Saturday, December 13, 2008

Australian court convicts for virtual child porn

An appellate judge in New South Wales, Australia has apparently ruled that it was proper to charge a man with possessing child pornography on the basis of cartoon drawings of characters from The Simpsons engaged in sexual acts. You can read excerpts from the decision at the Media Law Prof Blog. It is densely written opinion, apparently based entirely on statutory interpretation.

Australia's constitution does not contain an express freedom of speech, and the courts there have apparently recognize a much narrower right to political speech than is enforce in the United States. Here in the United States, the Supreme Court has previously held unconstitutional the application of child pornography laws to "virtual" depictions of minors.

The NSW judge relied in part on a rationale the U.S. high court expressly rejected: that cartoon depictions of children help perpetuate a market for actual child pornograhy. He also suggested that this holding was necessary to prevent the harmful use of drawings, etc. to depict actual, individual minors engaged in sex.
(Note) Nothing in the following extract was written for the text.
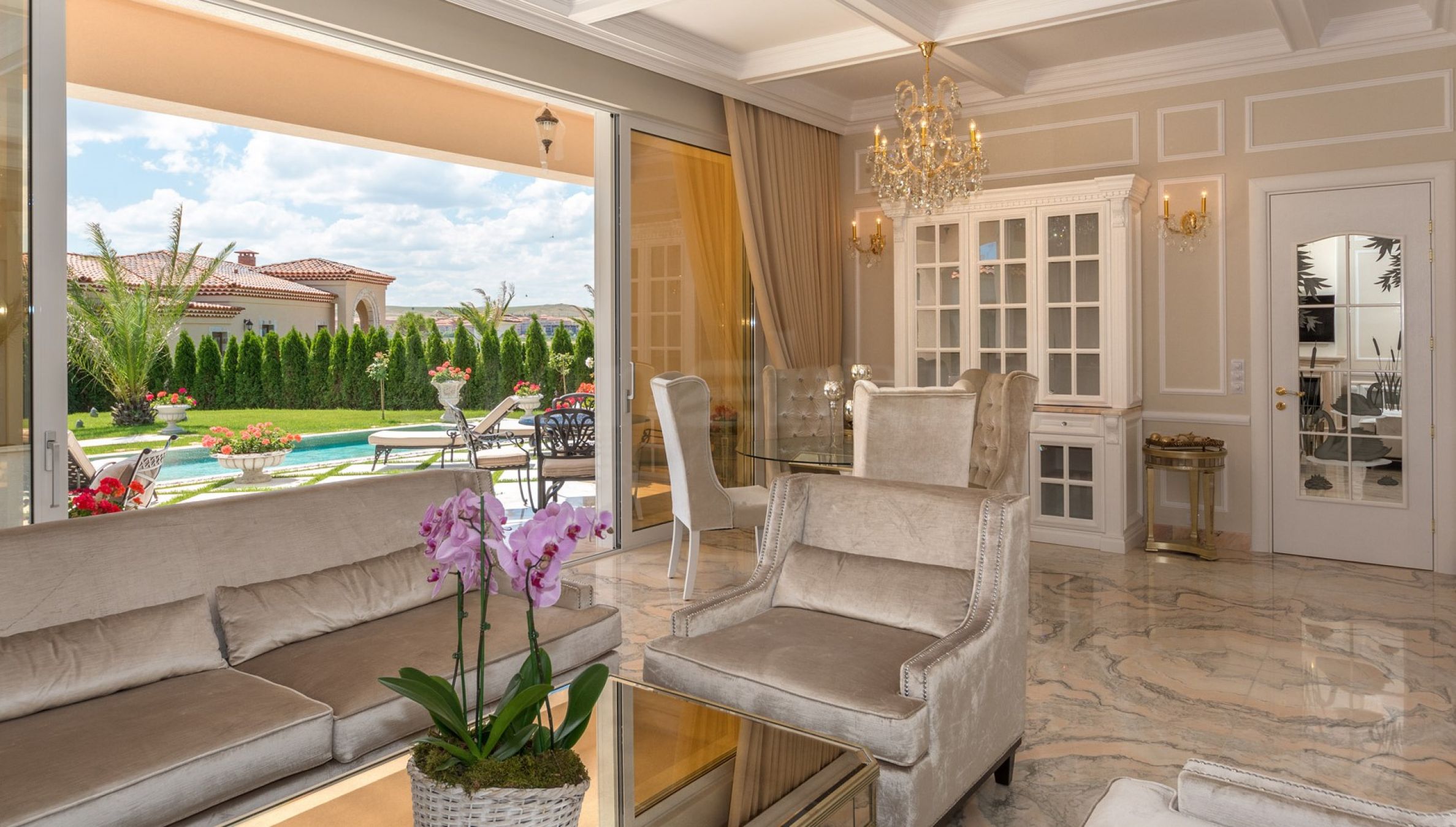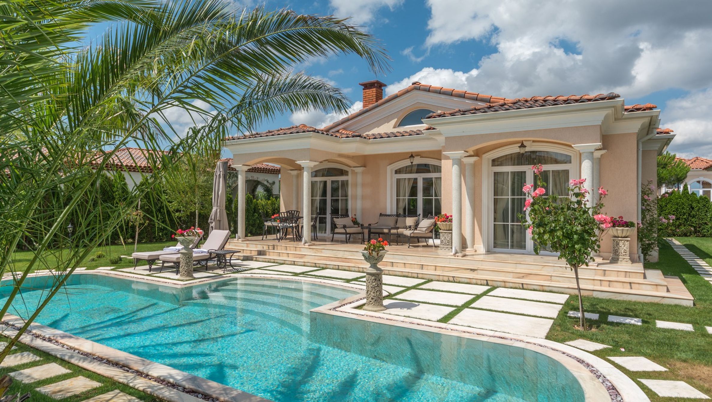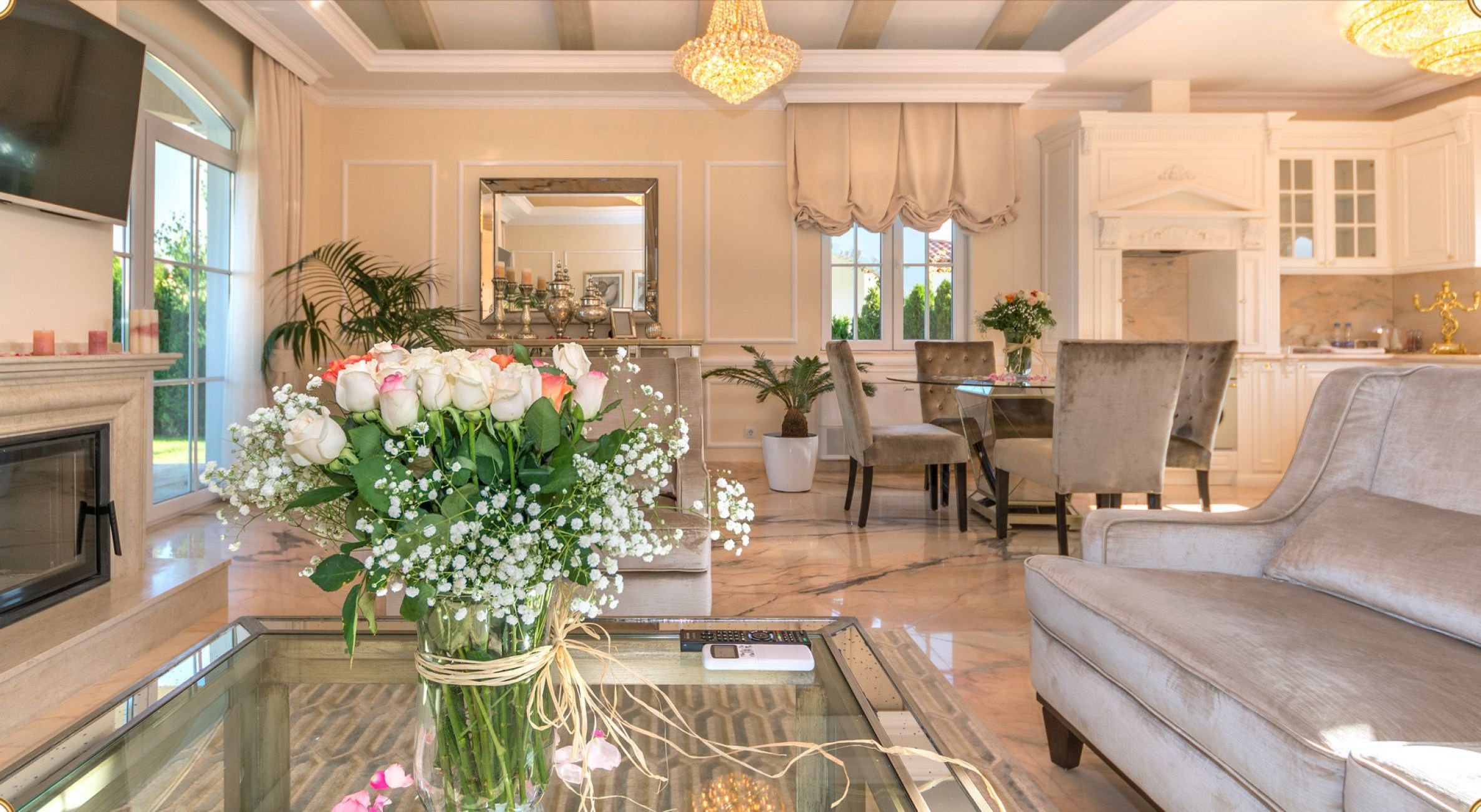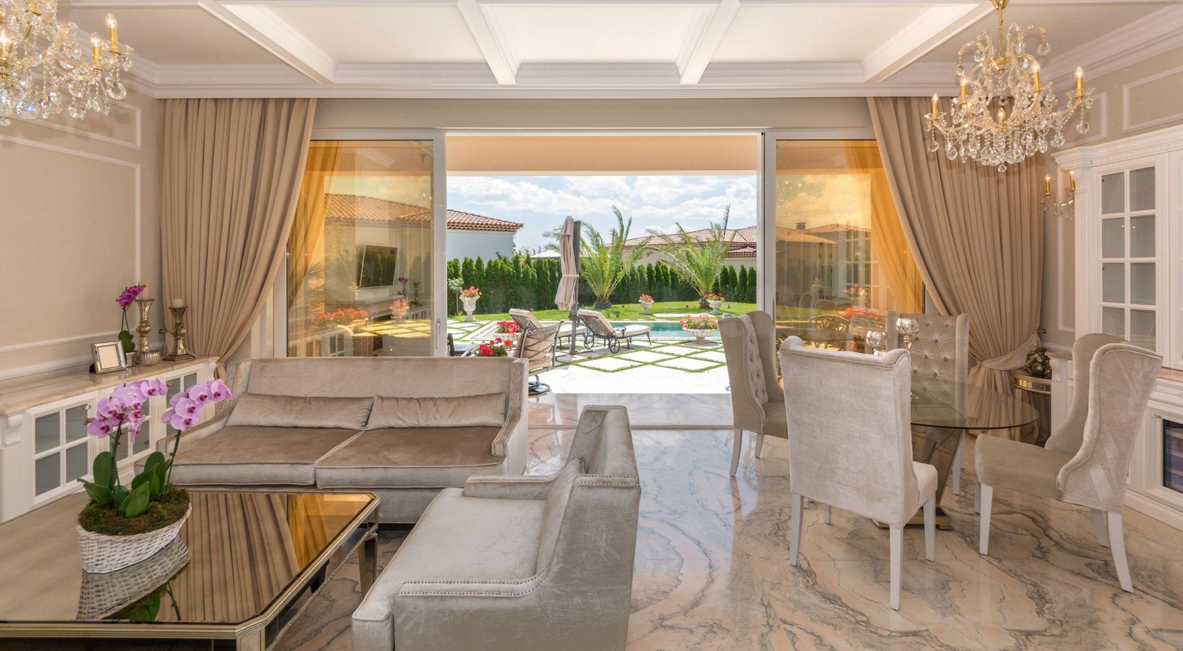 Dům je luxusně zařízený, zdobený originálními vitrážovými okny s kompletně individuálně vyrobeným nábytkem. Interiér využívá mimořádně kvalitní přírodní materiály, přírodní mramor „Pyrgos Light“. Nemovitost s reprezentativním vchodem nabízí tři dvoulůžkové ložnice s vlastní koupelnou a šatnou, obývací pokoj „otevřený prostor“ s kuchyní a jídelnou, verandu a krb. Bazén se nachází v centru města a je obložen výhradně přírodním mramorem „Pyrgos Light“. Zahrada je prostorná a bohatě upravená exotickými stromy a květinami.
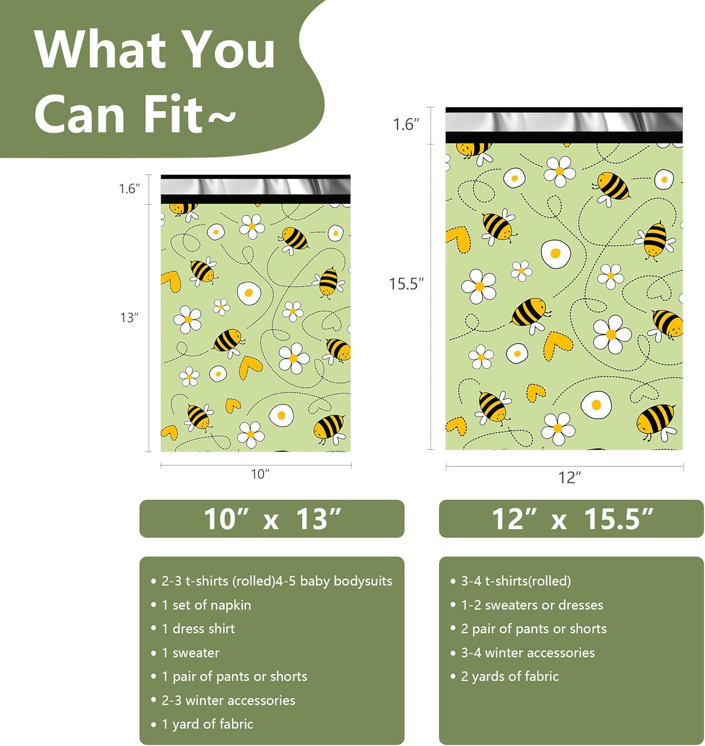 Poly Mailers 12x15.5 Inch 50 Pcs - Bee printed Shipping Bags, 2.4mil Thickness, Waterproof and Tear Resistant Mailing Envelopes, Self-Sealing Packaging Bags for Small Business

The judge held that whether a drawing or other representation of a minor falls within the law depends on the facts of the case, and in particular the degree to which the depiction is clearly meant to represent a human child or teenager:

Merely to give human characteristics to, say, a rabbit, a duck or a flower, to use some other familiar images, would not suffice if it were fair to say that the subject of the depiction remained a rabbit, a duck or a flower. A stick figure could not, I think, depict a person.... No bright line of inclusion or exclusion can be sensibly described. ...Accordingly, if it were reasonably possible that the depiction is not that of a person, the offence is not proved. It follows that a fictional cartoon character, even one which departs from recognizable human forms in some significant respects [as the Simpsons characters do], may nevertheless be the depiction of a person within the meaning of the Act.
Bestselling fantasy author Neil Gaiman says the ruling is "nonsensical in every way that it could possibly be nonsensical," and has some choice words to say about the harmful implications of such a view of the law - including that Australians could now conceivably be locked up for owning his longtime friend Alan Moore & Melinda Gebbie's acclaimed book Lost Girls. Gaiman suggests this is a good occasion to contribute to the Comic Book Legal Defense Fund.